Task prompt>
Reproduce, word for word, the lines in the material below starting with the one that has "平成29年4月5日(水)13" and going on through the one that has "Long cady dress". Leave out all pictures.
START Material for this task
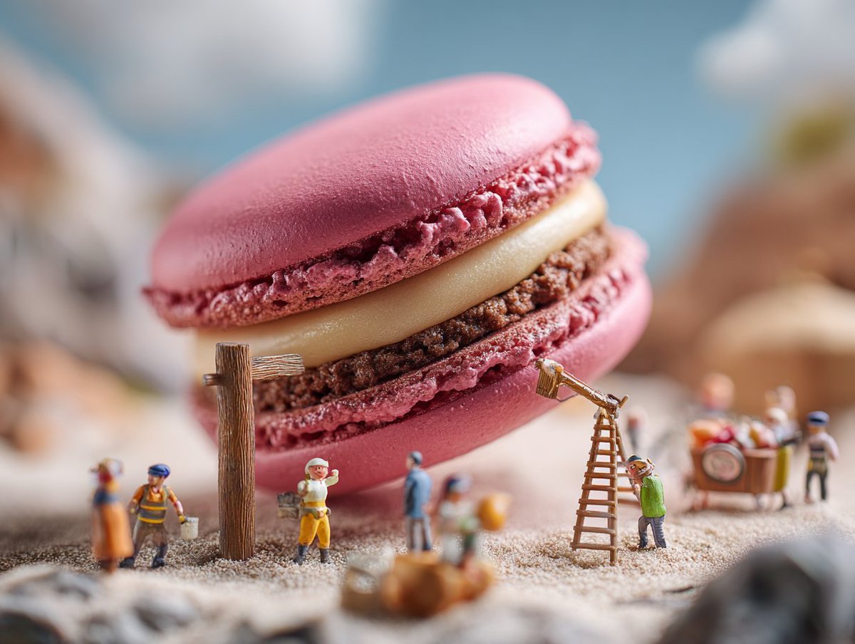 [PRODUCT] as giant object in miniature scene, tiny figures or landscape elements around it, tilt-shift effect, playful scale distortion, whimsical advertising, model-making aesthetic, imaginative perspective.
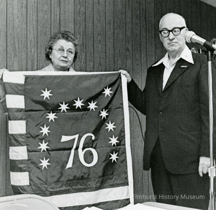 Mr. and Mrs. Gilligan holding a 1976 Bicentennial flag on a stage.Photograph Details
END Material for this task
START Material for this task
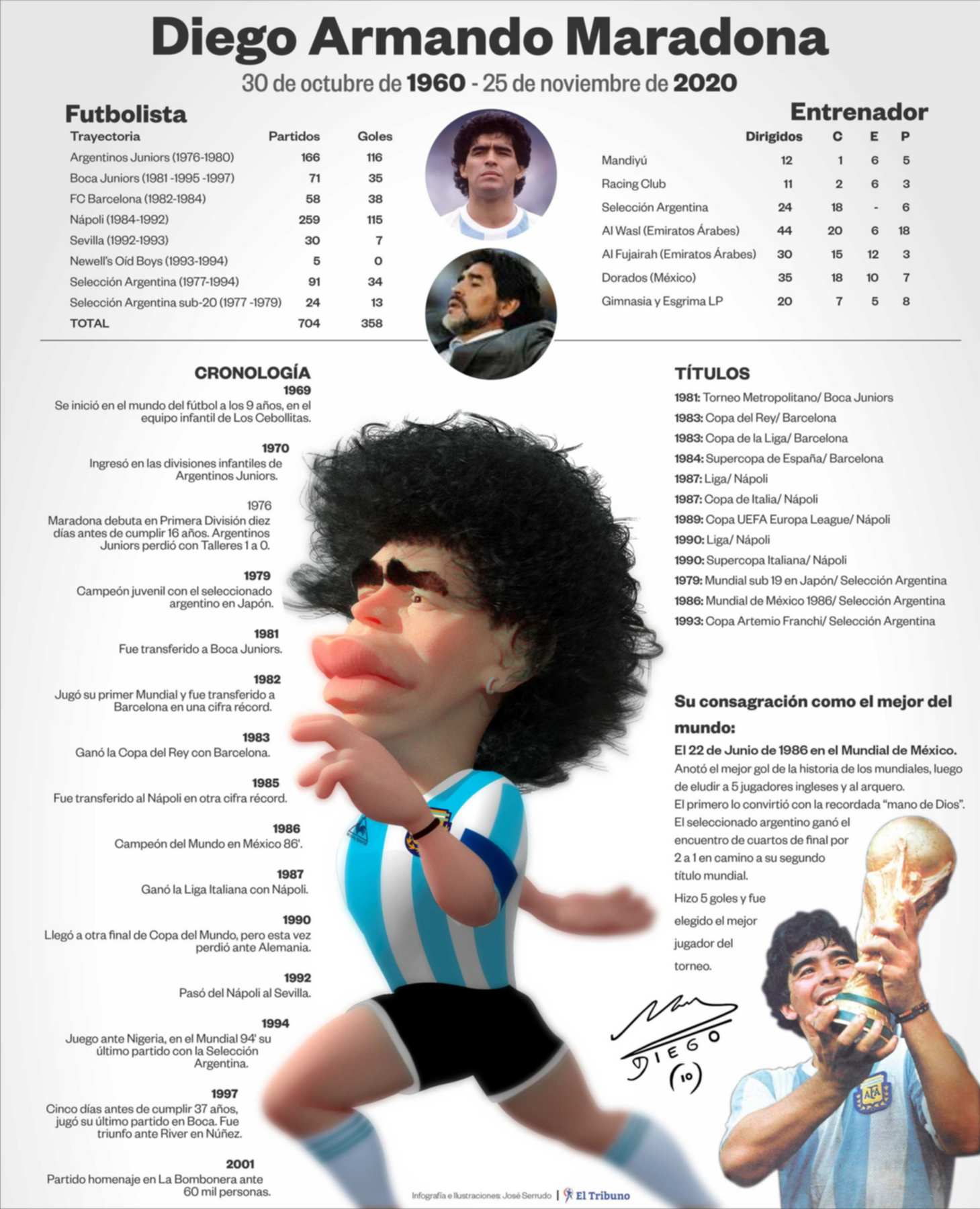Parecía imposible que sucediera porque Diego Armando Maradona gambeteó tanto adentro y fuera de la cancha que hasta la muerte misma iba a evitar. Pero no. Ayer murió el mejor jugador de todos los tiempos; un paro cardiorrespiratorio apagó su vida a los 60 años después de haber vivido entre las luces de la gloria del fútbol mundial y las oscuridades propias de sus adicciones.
END Material for this task
START Material for this task
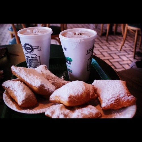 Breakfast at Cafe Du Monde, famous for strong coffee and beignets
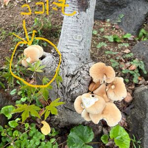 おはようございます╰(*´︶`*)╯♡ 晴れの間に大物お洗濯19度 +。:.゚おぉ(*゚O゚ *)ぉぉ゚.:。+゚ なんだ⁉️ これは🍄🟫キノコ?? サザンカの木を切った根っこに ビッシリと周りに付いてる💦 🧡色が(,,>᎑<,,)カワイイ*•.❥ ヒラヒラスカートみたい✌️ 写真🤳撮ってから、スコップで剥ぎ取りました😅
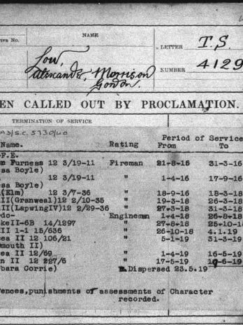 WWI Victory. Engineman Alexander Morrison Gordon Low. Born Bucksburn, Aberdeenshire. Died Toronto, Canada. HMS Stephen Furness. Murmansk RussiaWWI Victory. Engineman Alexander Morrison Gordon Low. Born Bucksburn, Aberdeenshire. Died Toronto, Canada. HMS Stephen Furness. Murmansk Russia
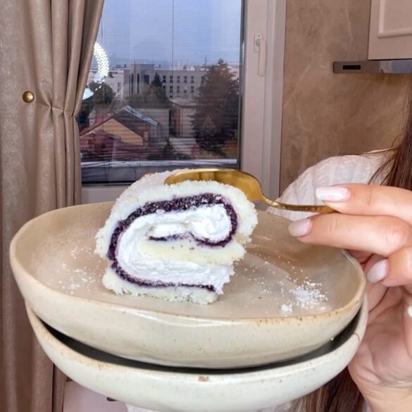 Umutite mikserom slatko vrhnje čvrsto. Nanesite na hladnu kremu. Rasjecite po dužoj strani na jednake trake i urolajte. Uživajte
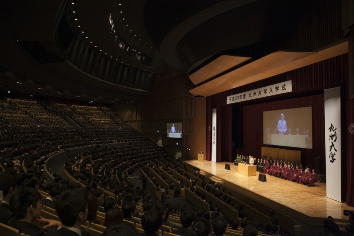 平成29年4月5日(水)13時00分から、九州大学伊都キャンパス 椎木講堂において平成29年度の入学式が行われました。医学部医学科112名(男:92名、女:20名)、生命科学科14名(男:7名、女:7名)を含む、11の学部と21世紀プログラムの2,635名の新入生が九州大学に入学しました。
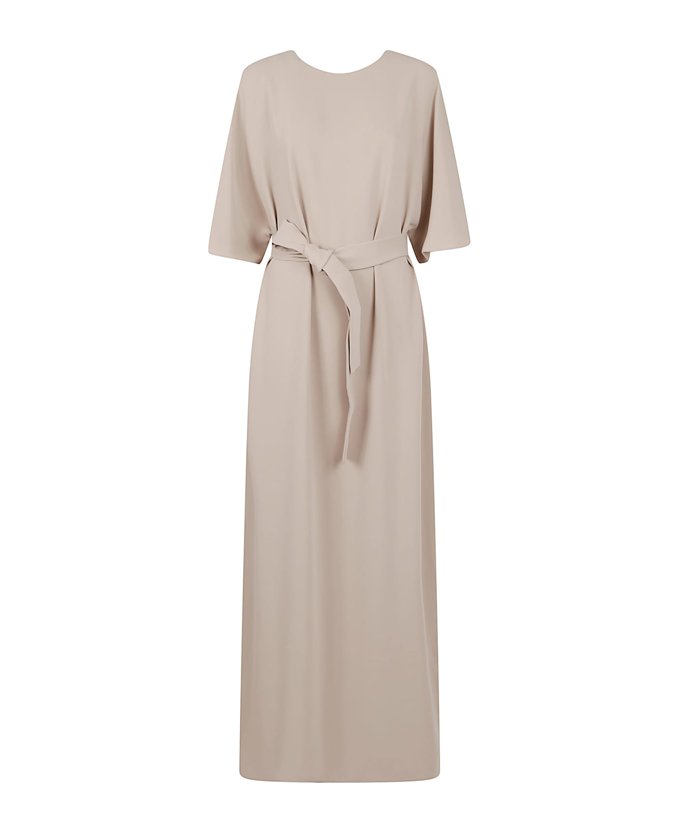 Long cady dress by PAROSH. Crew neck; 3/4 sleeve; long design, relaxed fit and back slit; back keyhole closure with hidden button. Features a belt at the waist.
END Material for this task
Result of the exercise>
 平成29年4月5日(水)13時00分から、九州大学伊都キャンパス 椎木講堂において平成29年度の入学式が行われました。医学部医学科112名(男:92名、女:20名)、生命科学科14名(男:7名、女:7名)を含む、11の学部と21世紀プログラムの2,635名の新入生が九州大学に入学しました。
 Long cady dress by PAROSH. Crew neck; 3/4 sleeve; long design, relaxed fit and back slit; back keyhole closure with hidden button. Features a belt at the waist.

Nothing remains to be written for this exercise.